Haha thanks Junior777, will remember that one. My post however aims to create a permanent easy-access shut down button for users. After they follow my instructions, they would never have to do either the 7 steps I mentioned, or your 3 step procedure again. It will only then take them 1 simple click to shutdown


----------



## sobeit (Nov 11, 2007)

or you can just pull the plug 

thanks for the steps. I have been too lazy lately to look it up.


----------



## MPR (Aug 28, 2010)

Remember too that you can get to the Win-X menu by right-clicking at the lower left of your screen. The command above (and any other you want) can be easily added to this menu by the freeware utility Win-X Menu Editor.

Or, you can get a Start Menu back by using one of the many applications, paid and freeware, that are popping up now since Microsoft decided to alienate its user-base by sabotaging functionality. I use Start8, which has really good support right now (I reported a small bug and it was fixed a week later -- can't say that for Windows 8 itself) and only cast five bucks.


----------



## Junior777 (Jul 25, 2012)

theunissenriaan said:


> Haha thanks Junior777, will remember that one. My post however aims to create a permanent easy-access shut down button for users. After they follow my instructions, they would never have to do either the 7 steps I mentioned, or your 3 step procedure again. It will only then take them 1 simple click to shutdown


I understand what your process does. But the fact is that sometimes people make mistakes when they click on icons. So to have it auto shutdown could actually be destructive to a user.

Your writing a paper for school.
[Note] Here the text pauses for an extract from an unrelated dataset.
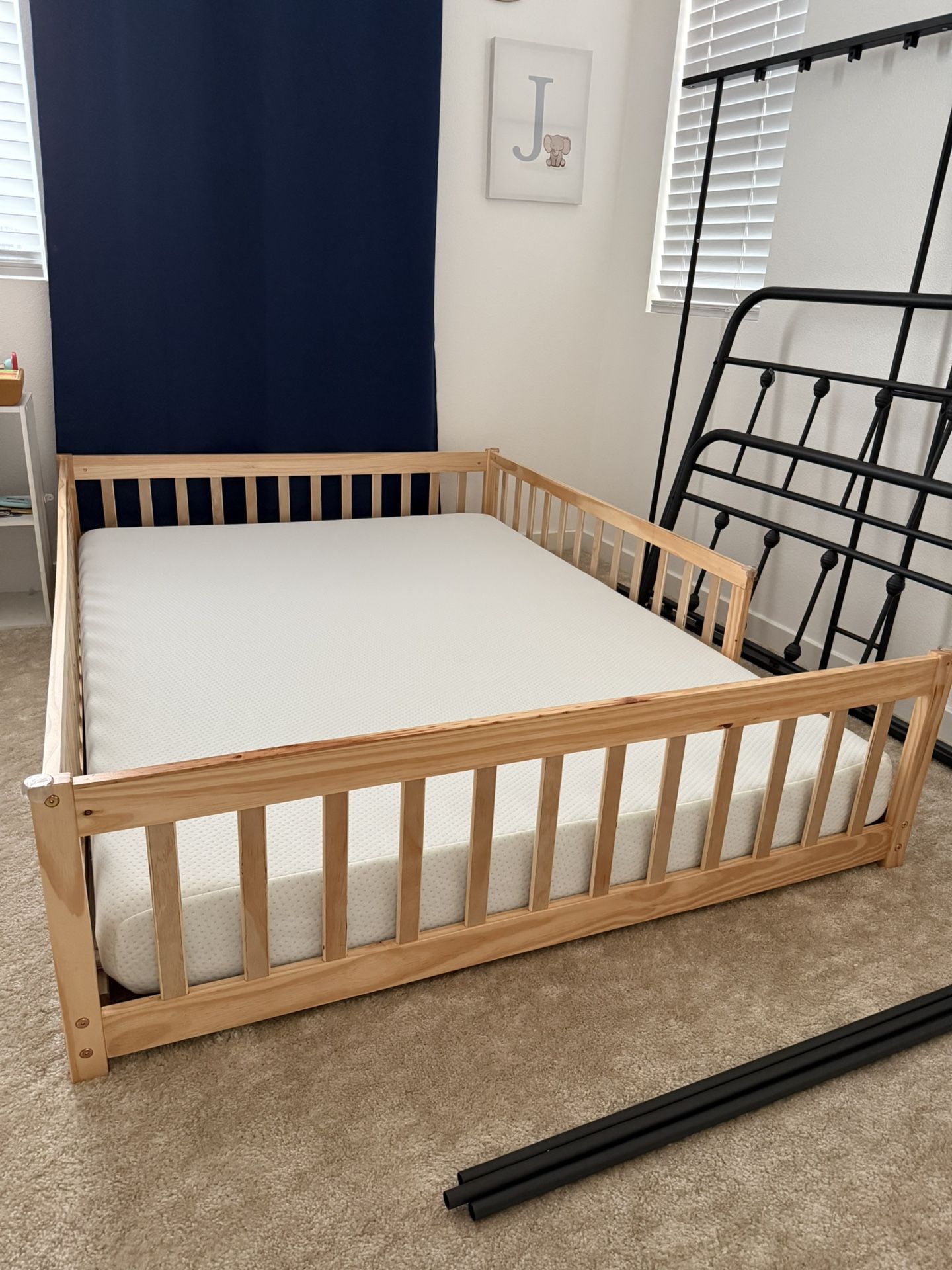6inch Zinus Green Tea Memory Foam Matress like new. no stains Montessori bed full size frame also purchased 1 yr ago like new. selling both together

You go to the desktop to open the browser for something, you click the wrong icon and BAM. Your PC restarts and you lose all your work.

At least with the 3 steps, they can undo the damage before it is done. :wink::whistling:

Sad part is people complain about how much it takes to shut down Win8 when any smart phone takes just as much to shut down. :facepalm:


----------



## inwell (Sep 21, 2011)

Once you get to the desktop... your very own *ALT+F4* works like a charm..... nothing extra needed..... 

Shut Down/Log Off/Restart..... every thing as usual(using up/down arrow keys)


----------